> [TRY IT]: Among the entries below, find the line with "VASÁRNAP - 2023." and the line with "Cute dog, American". Return exactly those lines and every line between them, but no pictures.
---------- DATA TO PROCESS ----------
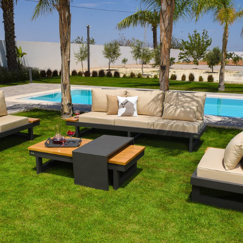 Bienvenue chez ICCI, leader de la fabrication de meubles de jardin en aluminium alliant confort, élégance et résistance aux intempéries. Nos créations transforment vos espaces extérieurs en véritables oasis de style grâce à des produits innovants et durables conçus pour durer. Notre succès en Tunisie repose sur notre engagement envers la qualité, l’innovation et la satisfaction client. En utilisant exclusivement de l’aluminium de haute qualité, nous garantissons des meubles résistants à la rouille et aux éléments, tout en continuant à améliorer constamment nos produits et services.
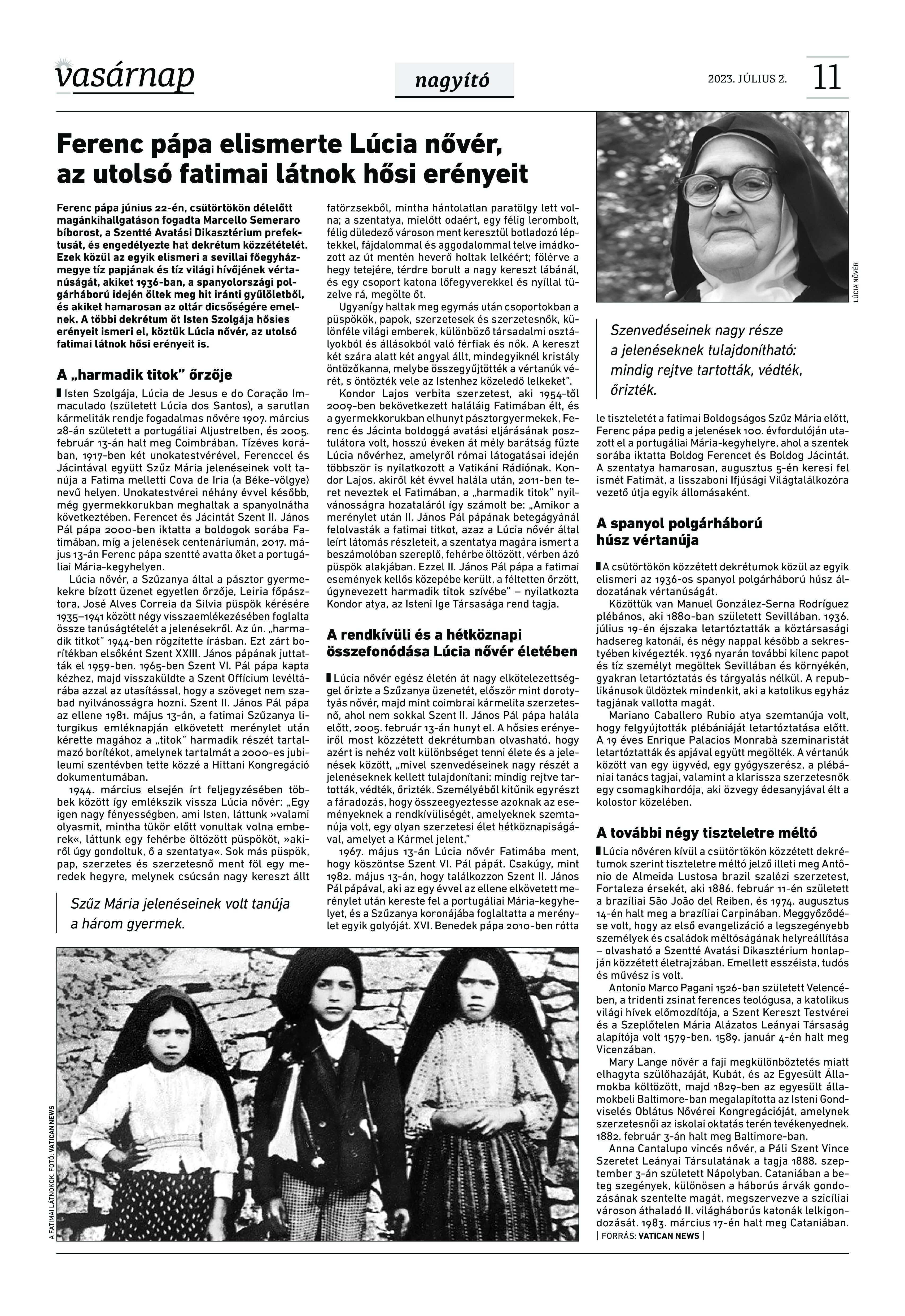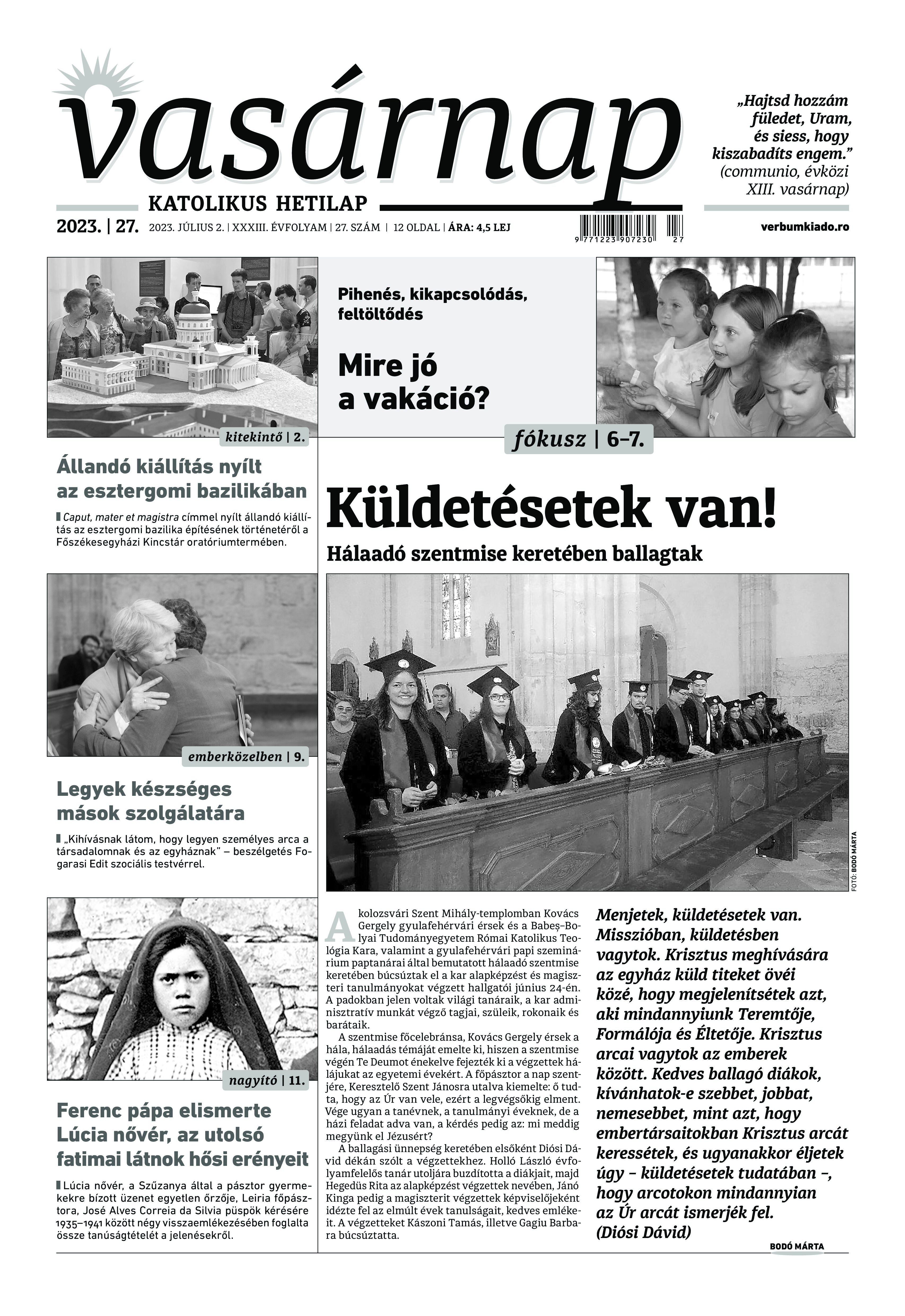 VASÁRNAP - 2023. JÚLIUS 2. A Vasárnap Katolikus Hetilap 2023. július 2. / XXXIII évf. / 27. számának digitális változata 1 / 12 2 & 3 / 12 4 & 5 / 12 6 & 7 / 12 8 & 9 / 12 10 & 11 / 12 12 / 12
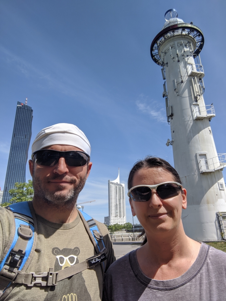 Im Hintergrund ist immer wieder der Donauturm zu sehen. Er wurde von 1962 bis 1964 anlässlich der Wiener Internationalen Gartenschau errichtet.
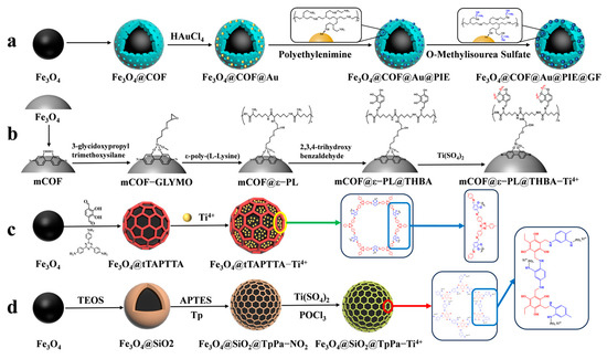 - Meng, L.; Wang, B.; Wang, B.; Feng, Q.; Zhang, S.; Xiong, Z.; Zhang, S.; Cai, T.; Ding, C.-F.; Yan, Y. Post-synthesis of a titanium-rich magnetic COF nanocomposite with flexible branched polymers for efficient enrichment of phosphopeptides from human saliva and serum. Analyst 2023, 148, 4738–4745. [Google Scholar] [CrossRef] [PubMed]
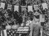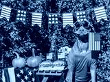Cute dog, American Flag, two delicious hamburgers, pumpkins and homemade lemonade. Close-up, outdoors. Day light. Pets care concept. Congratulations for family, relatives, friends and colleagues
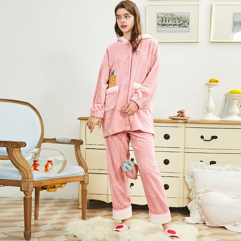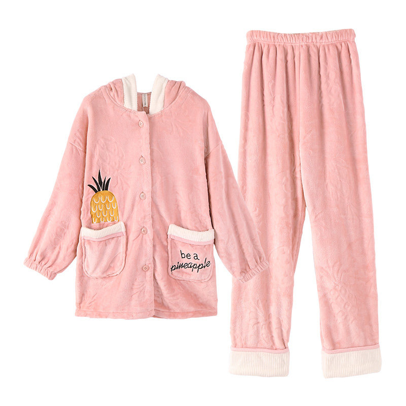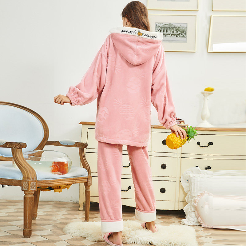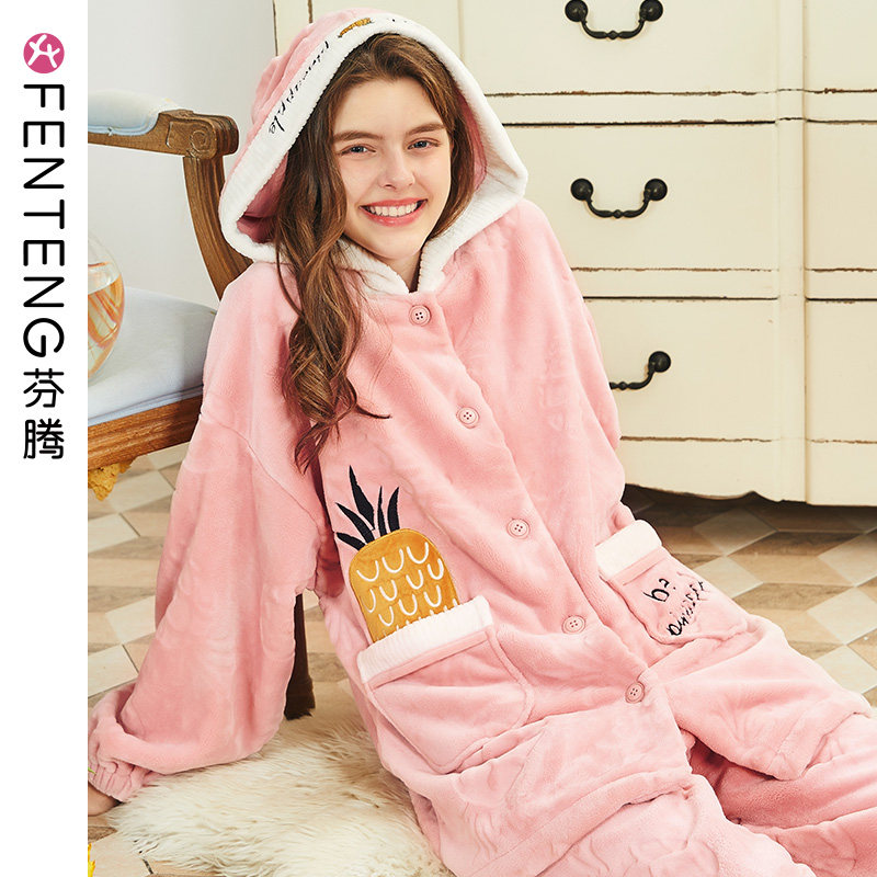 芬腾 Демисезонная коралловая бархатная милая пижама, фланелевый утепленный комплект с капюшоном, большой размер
----------
> [EXERCISE SOLUTION]:
 VASÁRNAP - 2023. JÚLIUS 2. A Vasárnap Katolikus Hetilap 2023. július 2. / XXXIII évf. / 27. számának digitális változata 1 / 12 2 & 3 / 12 4 & 5 / 12 6 & 7 / 12 8 & 9 / 12 10 & 11 / 12 12 / 12
 Im Hintergrund ist immer wieder der Donauturm zu sehen. Er wurde von 1962 bis 1964 anlässlich der Wiener Internationalen Gartenschau errichtet.
 - Meng, L.; Wang, B.; Wang, B.; Feng, Q.; Zhang, S.; Xiong, Z.; Zhang, S.; Cai, T.; Ding, C.-F.; Yan, Y. Post-synthesis of a titanium-rich magnetic COF nanocomposite with flexible branched polymers for efficient enrichment of phosphopeptides from human saliva and serum. Analyst 2023, 148, 4738–4745. [Google Scholar] [CrossRef] [PubMed]
Cute dog, American Flag, two delicious hamburgers, pumpkins and homemade lemonade. Close-up, outdoors. Day light. Pets care concept. Congratulations for family, relatives, friends and colleagues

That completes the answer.